From slopes to sites

There are many, many HSM readers I am sure who love skiing, mountain biking and road biking. The great outdoors, the feelings of speed and exhilaration are a welcome release from the stresses and strains of the working day and the intrusive technology of modern life. But, of course, to pursue your hobby safely you need the appropriate safety equipment, such as a helmet, and it has got to do the job, be comfortable and (let’s not pretend otherwise) look good. To this end, many of us invest in the latest state of the art protective kit and do everything we can to reduce our risk of injury.

Unless you are extremely fortunate, you’ll spend much more time at work than pursuing your action sports hobby, so why then do many people when working still tolerate head protection, hard hats, that have not changed that much since they were introduced in 1919 when there are so many advances in head protection technology in other sectors? 

The question as to why hard hats used in the industrial and construction sectors were so dated was one that bugged Ryan Barnes a great deal.
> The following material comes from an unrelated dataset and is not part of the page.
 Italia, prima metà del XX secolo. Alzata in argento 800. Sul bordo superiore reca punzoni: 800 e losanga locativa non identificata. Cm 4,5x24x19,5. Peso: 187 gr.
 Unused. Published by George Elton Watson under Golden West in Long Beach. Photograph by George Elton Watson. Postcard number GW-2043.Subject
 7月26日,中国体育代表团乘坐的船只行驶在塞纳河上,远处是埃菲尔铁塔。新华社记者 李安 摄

He founded STUDSON in 2020 to bring safer and more innovative head protection to the industrial safety market. STUDSON set out to develop better PPE for the ‘industrial athlete’ (as they termed them). Looking back to his previous experience in protective equipment for action sports Ryan Barnes knew there were some technical developments that could be brought across from sports helmets into industrial products that would be a good fit for the construction, utilities, power generation and oil and gas environments.

EPS is not the only answer

To be fair, Ryan Barnes’ assertion that the hard hat had not changed much since 1919 had a little creative licence about it. Industrial helmets had widely adopted Expanded Polystyrene (EPS) material within them which did provide the wearer with more advanced protection as EPS is a rigid, tough, closed cell foam made from pre-expanded polystyrene beads that absorbs energy and retains heat. However, there was much more advanced technology on the market than just EPS, and it was those materials that Barnes wanted STUDSON to explore. 
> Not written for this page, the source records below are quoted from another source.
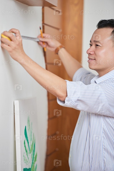Человек, измеряющий стену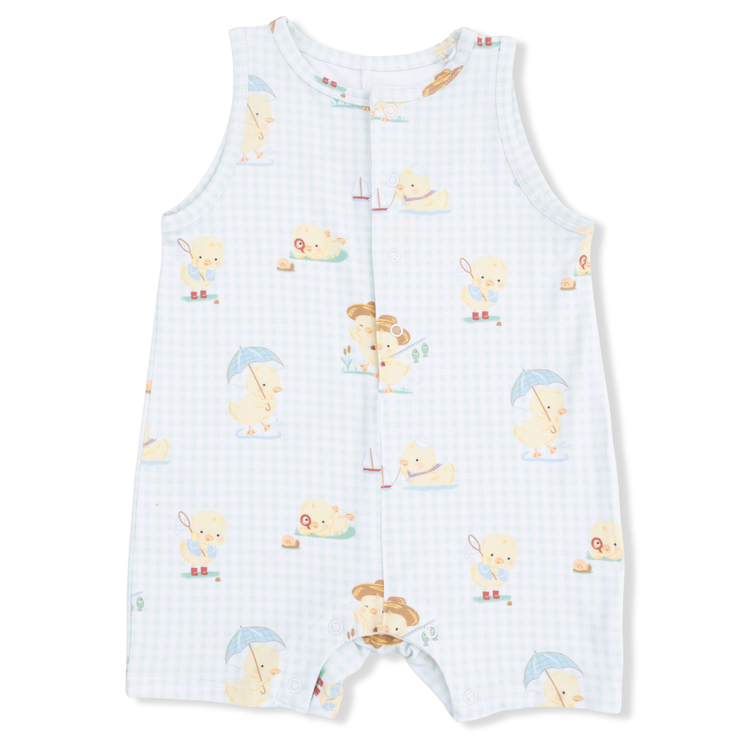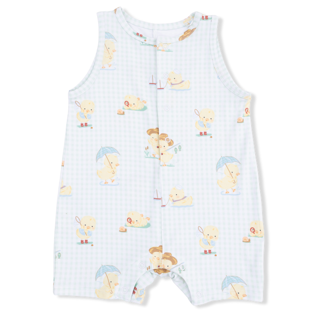 Vintage Spring Ducklings Green - Sleeveless Shortie Romper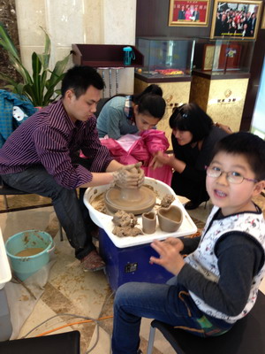 陶的藝術(shù),透著原始的魅力,散發(fā)著泥土的芬芳。4月29日走進(jìn)銀豐唐郡項(xiàng)目營(yíng)銷(xiāo)中心時(shí),不少客戶(hù)已在親手體驗(yàn),專(zhuān)業(yè)陶藝師傅手手相傳,中心點(diǎn)的尋找、捏的技術(shù)、塑性的技巧都是制做一個(gè)好的工藝品的關(guān)鍵。

One such material was KOROYD, an impact protection material which had been introduced into a series of award-winning ski and cycle helmets from 2013 onwards. KOROYD’s impact protection technology is a series of thermally welded co-polymer tubes designed to crumple instantly on impact, efficiently absorbing force while remaining lightweight and highly breathable. The technology has an interesting background that can be traced back to a British aviation research project that was initiated to reduce the risk to aircraft passengers in the event of a crash. KOROYD’s energy absorption properties can be altered based on tube diameter and material density.
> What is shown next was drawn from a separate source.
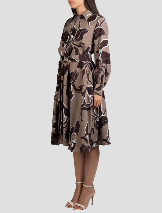 Kiton Brown Silk Dress - Handmade Italian Luxury Floral

Each tube in a KOROYD panel is extruded as a dual-layer polycarbonate tube with a wall thickness of just 0.09mm. The interior tube is slightly thicker and provides structure, while the outer layer is much thinner and melts at a slightly lower temperature. Those tubes are then bundled together; hot air is passed through the network, and that outer layer fuses together to form a unified structure. Creating the ‘honeycomb’ in this fashion not only omits conventional adhesives and glues that can often serve as weak points, but also retains each tube’s geometric structure, which is critical to the material’s energy absorption properties. KOROYD head protection technology is extruded as long tubes and formed as giant blocks. From there, it can be sliced as needed depending on the application and thermoformed into complex shapes.

There are many features and benefits of the KOROYD material that make it highly suited for PPE.     

Firstly, laboratory tests have found that when an impact occurs that its material compresses up to 73% vs foam materials such as EPS which, when tested in the same way, only compress up to 56%. This means that the KOROYD material is potentially 42% more efficient at absorbing the energy of an impact. 

Secondly, KOROYD provides a visual end of life indicator to easily demonstrate if products that use it are safe, or unsafe, for use. When an impact occurs, the welded tubes deform into a distinct compressed pattern which is clearly visible on inspection. This indicates that the helmet has been compromised and needs to be replaced. EPS and other foams give no such visual indication when they are compromised and therefore it’s much more difficult to know when a product needs replacing.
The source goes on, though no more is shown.